A Lot of Gaul
With the addition of seventeen features, the official selection of this year’s Cannes Film Festival is now complete. The competition expands to twenty-one titles, five of them directed or codirected by women. That’s still a long way from gender parity, but it’s also the closest Cannes has ever come.
- For Metrograph’s Journal, Tom Paulus takes a deep dive into the intellectual currents surging through a loosely connected band of French filmmakers in the wake of May 1968. There are rich passages in this not-so-brief history on Marguerite Duras, but Paulus focuses primarily on Jacques Rivette and his engagement with the work of such diverse figures as Howard Hawks, Hungarian filmmaker Miklós Jancsó, and the Living Theatre. One source of inspiration during the making of Out 1 (1971) was Shirley Clarke, whose films—The Connection (1961), The Cool World (1963), Portrait of Jason (1967)—“often seemed like rehearsals rather than finished films, with the handheld camera, the frequent zooms and out-of-focus shots, the voice of the filmmakers heard offscreen, and the changing of the film reels happening on camera (in Jason), constantly signaling ‘roughness’,” writes Paulus. In an episode of the French television series Cinéastes de notre temps dedicated to Clarke, “we recognize a typically shy Rivette among the guests in Clarke’s New York apartment, sitting next to Yoko Ono!”
- Paulus is a coeditor at photogénie, and the Brussels-based online film journal has just launched a new site with a new issue devoted to exploring a few of the radically different ways filmmakers have employed absences of sound. Among the French Impressionist directors of the 1920s—Jean Epstein, Germaine Dulac, Marcel L’Herbier, Louis Delluc—“none made more melodious silence than Dimitri Kirsanoff,” writes Cláudio Alves. In The Shining (1980), Stanley Kubrick cranks up the “crescendo of menace by coupling it with silent sequences to set a completely deranged tone,” writes Ioanna Micha. The issue also features Anuj Malhotra on Peter Hutton, Ruairí McCann on Artavazd Pelechian, and Ed McCarry on Jacques Becker’s use of moments of “dead time” in which “the many secondary individuals who people the margins of his films percolate up and glow with unusual luminosity.”
- In Jake Hannaford, the aging director hoping to mount a comeback in Orson Welles’s The Other Side of the Wind—shot in the 1970s but not completed and released until 2018—there’s a bit of Welles; more than a little of John Huston, who played him; plus a dash of John Ford and a hint of Raoul Walsh. But Hannaford was mainly modeled on Ernest Hemingway, whom Welles had met in 1937. Massimiliano Studer has been digging into the Welles archives at the National Cinema Museum of Turin to learn more about Crazy Weather, an unrealized screenplay Welles wrote with his partner, Oja Kodar. Once again, we find a character based on Hemingway. Studer offers up a few choice bits from the treatment in Bright Lights Film Journal: “For good old Jim, Spain is granddaddy’s land. The clock stopped here somewhere in the middle of a Victorian novel.”

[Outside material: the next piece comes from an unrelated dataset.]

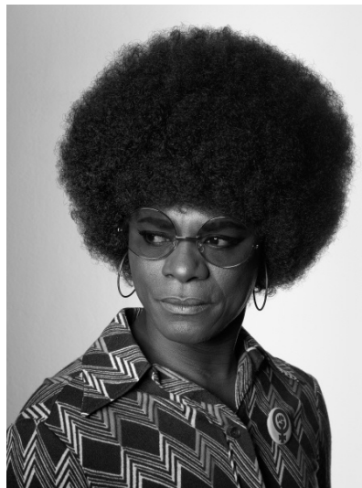
Samuel Fosso, Photographie tirée de la série « African Spirits », 2008 Samuel Fosso © musée du quai Branly

La forme, l'abondance, la couleur de la chevelure peuvent constituer des éléments de reconnaissance immédiate, quelquefois utilisés seuls pour représenter un individu, ainsi dans la caricature de politiques, d'acteurs... Jouant à la fois de la gestuelle de moments particuliers des personnages qu'il interprète, Samuel Fosso utilise aussi cet aspect, le cas le plus caractéristique étant certainement celui d'Angela Davis.

- Tomorrow evening, the UW Cinematheque in Madison will wrap its tribute to the late Jean-Paul Belmondo with a free screening of Alain Resnais’s Stavisky (1974). Belmondo plays Serge Alexandre Stavisky, a financier John Bennett describes as a “Ukraine-born embezzler who charmed his way into the bosom of France’s political and cultural elite” in the 1930s. Stavisky features a score by the late Steven Sondheim that “replicates the breeziness of Charles Trenet’s easy, bouncy popular music of the ’30s and ’40s while often furnishing agitato undertones that betray the untenability of Stavisky’s elaborate lifestyle. At other times, Sondheim’s score swells and crescendos at dramatic moments with an auditory lushness that pairs perfectly with extravagantly adorned mise-en-scène.” Let’s mention here that See It Big: Sondheim, a series at the Museum of the Moving Image in New York, is running through May 1.
- Many were hoping that, despite his repeated denials, David Lynch would have a new movie at Cannes. Paste’s Brianna Zigler explains why she’s convinced that he’s up to something. In the meantime, Screen Slate editor Jon Dieringer and film archivist John Klacsmann talk with sound and music supervisor Dean Hurley, who worked with Lynch on Inland Empire (2006), and last week, Filmmaker’s Erik Luers spoke with editor Duwayne Dunham, who directed several episodes of Twin Peaks (1990–1991) and edited Blue Velvet (1986), Wild at Heart (1990), and Twin Peaks: The Return (2017). At one point, Dunham recalls, “we had two separate cutting rooms set up, one for Twin Peaks and one for Wild at Heart. The rooms were right next to each other and we were editing both projects simultaneously!”